2. Preparation before experiment

1. Github open source project - Awesome Crowd Counting

The project with the name Awesome will never let you down. This project organizes the codes of the papers and models in the papers about crowd estimation. Of course, not all papers can find the codes. One principle is to find a paper with code to read first, because the paper is always empty, and the first step is only when you actually run the code yourself.
The address of the project is as follows, here is https://hub.fastgit.org, a github mirror website, which can solve the problem of intermittent connection to github, and is strongly recommended to readers.

Awesome Crowd Counting

2. Dataset download

The data sets for crowd density estimation are relatively limited, basically just a few common data sets.
1.ShanghaiTech dataset [Most commonly used]
A total of 1198 labeled pictures. The dataset is divided into two parts, part_A and part_B. The pictures in part_B are more sparsely distributed than the pictures in part_A.
This data set was established for the first time in MCNN, 300 images of part_A are used for training, 182 images are used for testing; 400 images of part_B are used for training, and 316 images are used for testing.
2. WorldExpo's dataset
has a total of 3980 labeled pictures, of which 3380 are used for training and the remaining pictures are used for testing.
The test set consists of 5 different scenes, each with 120 images. ROIs are provided in each scene, so crowd counting is only performed on the ROI part.
3. UCF_CC_50 dataset
has a total of 50 pictures. This data set is characterized by a small number of pictures, but a large change in the number of people.
4. Others
There are also the pedestrian dataset UCSDpeds taken by the invigilator and the mall_dataset dataset of the shopping mall.

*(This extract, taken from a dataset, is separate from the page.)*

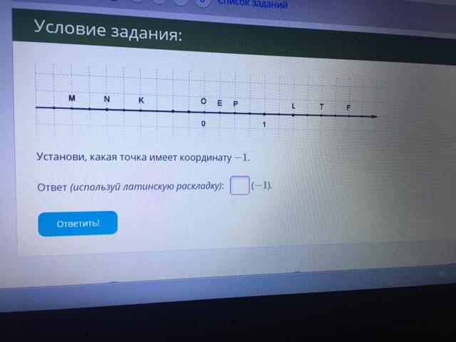 Пошаговое объяснение: сначала находишь сколько точек между 0 и 1, их там 4, и теперь налево отсчитываешь 4 точки выйдет ответ К
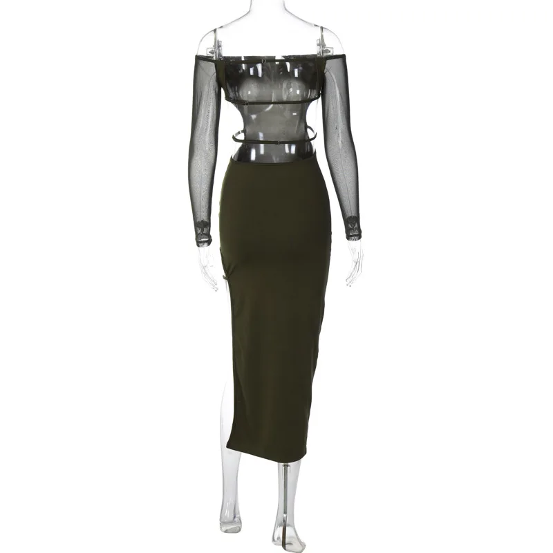 Lunivop Off The Shoulder Long Mesh Sleeve Backless Hollow Out Slit Elegant Women'S Dresses Y2K Streetwear Party Casual Clothing

3. Environment configuration

There is nothing to say about the environment configuration in this step. Readers configure the environment by themselves. Configuring the environment is the first step in the experiment, and it can be regarded as a kind of exercise for personal ability. There is no doubt that it is necessary to use the Python language for development. The version should be 3.7 or higher. It is recommended to install anaconda and learn to manage different projects through the virtual environment. The solution to the slow installation of pip or conda install is to use domestic Tsinghua and Ali mirrors to speed up. I chose Pytorch for the deep learning framework. I also explained the reason in the AlexNet article in the past, because Pytorch is more Pythonic. Finally, it is best to have a graphics card for deep learning training, not to run on your laptop.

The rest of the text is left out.